FIG. 6 shows a wire mesh belt having a similar structure, in which a part of the wire is bent upward without using the plate (25) or (26) as in the previous two examples, and the protrusion (28) is formed. It was done.

The conveyor belt composed of these wire meshes has a third
Since the area of the through holes is larger than that of the flat belt shown in the figure with through holes, the fan (2
There is an advantage that the cooling effect by 1) is high.

[Effects of the Invention] (1) A conveyor belt for a printed circuit board is composed of a breathable endless belt, and the upper and lower sides of this endless belt are immersed in a solder bath to form high-temperature solder layers on both front and back surfaces. Since the blowing fan for blowing air to the attached printed circuit board is arranged, the solder layer on the surface of the printed circuit board can be rapidly cooled in the carrying process and can be sent to the next step in a completely solidified state.
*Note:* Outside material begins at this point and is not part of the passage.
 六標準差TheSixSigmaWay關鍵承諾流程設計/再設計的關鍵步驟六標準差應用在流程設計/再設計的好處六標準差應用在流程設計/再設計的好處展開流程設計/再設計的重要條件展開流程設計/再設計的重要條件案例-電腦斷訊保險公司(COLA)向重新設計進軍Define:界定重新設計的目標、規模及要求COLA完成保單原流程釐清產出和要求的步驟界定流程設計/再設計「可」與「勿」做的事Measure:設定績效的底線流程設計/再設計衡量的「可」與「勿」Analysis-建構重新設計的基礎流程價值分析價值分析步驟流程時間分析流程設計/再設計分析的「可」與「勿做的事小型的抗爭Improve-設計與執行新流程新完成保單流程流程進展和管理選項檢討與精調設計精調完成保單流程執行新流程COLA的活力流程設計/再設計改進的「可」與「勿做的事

(2) As compared with a conventional device that holds the lower end edge of the printed circuit board and erects the printed circuit board, a stable transfer state can be obtained even with a large-sized board. In particular, this is advantageous in the case of a printed circuit board in which the circuit pattern portion is formed up to the vicinity of the edge portion and the margin for holding is narrow.

(3) The printed circuit board can be reliably transported regardless of changes in its width, length, or thickness.
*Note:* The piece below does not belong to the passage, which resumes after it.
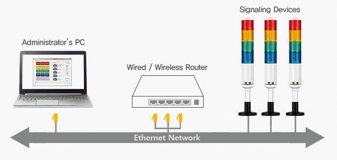 - LED signal tower light controlled by PC application program though the network
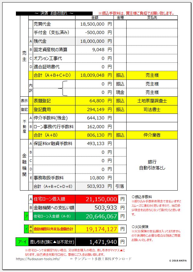おすすめ!不動産取引最後のお知らせ。支払い関係を1円単位でまとめたご案内状です。”ANIYA【契約後】04.決済(お引き渡し)のお知らせ”【不動産EXCEL無料テンプレート】

(4) In the conventional device, when the printed circuit board is distorted such as bending or bending, it cannot be surely mounted in the groove of the clamp. However, the device of the present invention can stably convey the distorted printed circuit board.

(5) In the conventional device, foreign matter such as dust accumulates in the groove of the clamp, and it takes time to remove and clean it, resulting in a decrease in operating rate. Since a belt belt is used, maintenance is easy.
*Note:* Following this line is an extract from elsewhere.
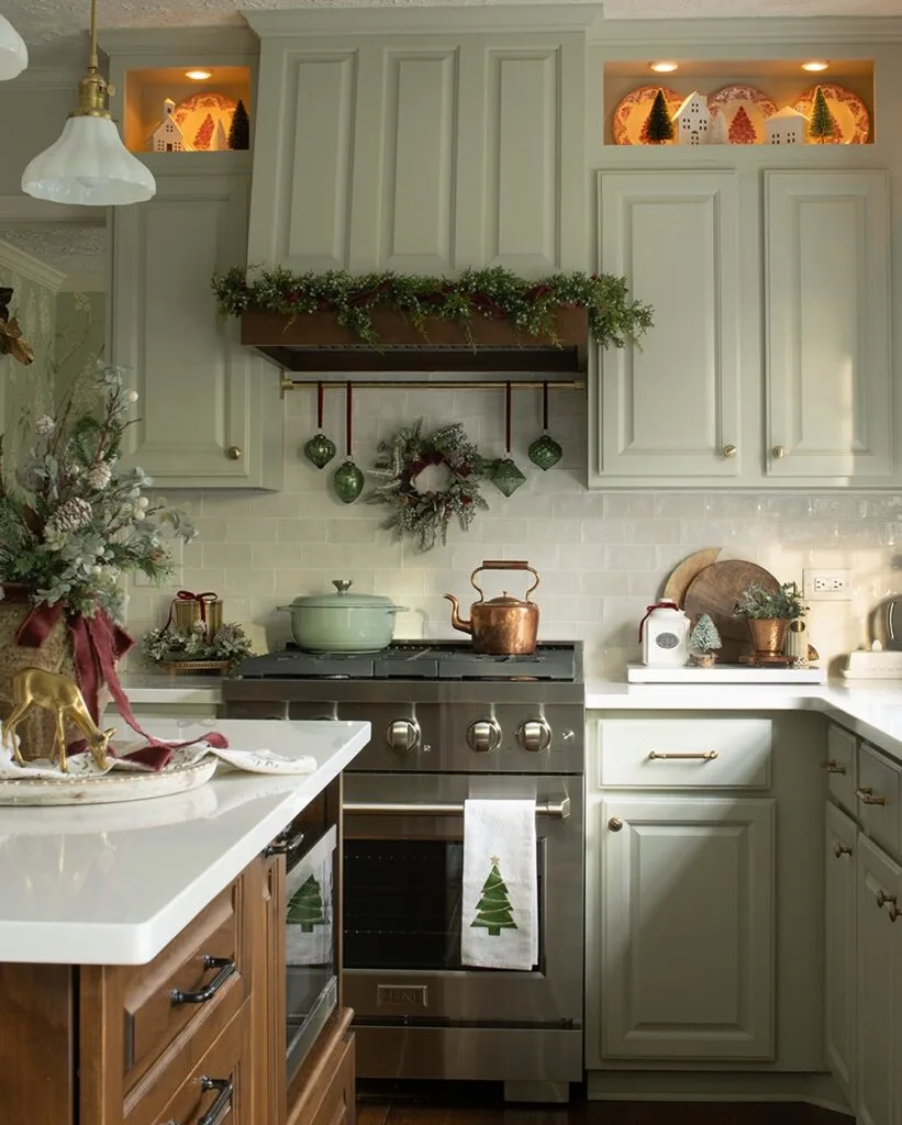 24. Soft Green Holiday Kitchen Charm

[Brief description of drawings]

FIG. 1 is a side view showing the construction of an apparatus according to an embodiment of the present invention, FIG. 2 is a perspective view showing the main parts of the apparatus, and FIGS. 3 to 6 are perspective views showing an example of a conveyor belt. FIG. 7A is a plan view showing an outline of a printed circuit board surface treatment apparatus to which the present invention is applied, FIG. 7B is an elevation view of the same, and FIG. 8 is a side view showing a conventional transfer apparatus. (P) ... Printed circuit board, (1) ... Vertical axis, (2) ... Arm, (3) ... Holding means, (4) ... Base, (5) ... Clamping claw, (6) …… Taper slider, (7) …… Solder tank, (8) …… Shooter guide, (9) …… Conveyor belt, (10) …… Clamp, (11) …… Conveyor belt, (12) …… Shooter Guide, (13) (14) …… Drive roller, (15) …… Conveyor belt, (16) …… Through hole, (17) …… Protrusion, (18) to (21) …… Huan, (22) …… Photoelectric device.

─────────────────────────────────────────────────── ─── Continuation of the front page (51) Int.Cl. ⁵ Identification number Office reference number FI technical display location B65H 29/52 9147-3F H05K 3/34 M 7128-4E 13/02 U 8509-4E

Claims (1)

[Scope of utility model registration request] 1. A printed circuit board after being immersed in a solder bath, in which the posture of the printed circuit board is changed from a vertical position to a horizontal direction, and the printed circuit board is suspended and held in a vertical position. A shooter guide, which is installed below the board and guides the printed circuit board that is released from the vertical position and falls to be inclined so that the surface thereof is slightly inclined, and a shooter guide having a vertical cross section formed in a concave curve shape, and a lower part of the shooter guide. When the printed circuit board is in a falling state, it is driven so as to move in a direction to increase its inclination angle when the lower edge of the printed circuit board comes into contact with the lower edge of the printed circuit board, and the printed circuit board falls on the outer peripheral surface. And a printed circuit board in the endless belt is placed and conveyed. It is arranged above and below the region, substrate transfer apparatus and a blowing fan for blowing air toward the printed circuit board on the endless belt.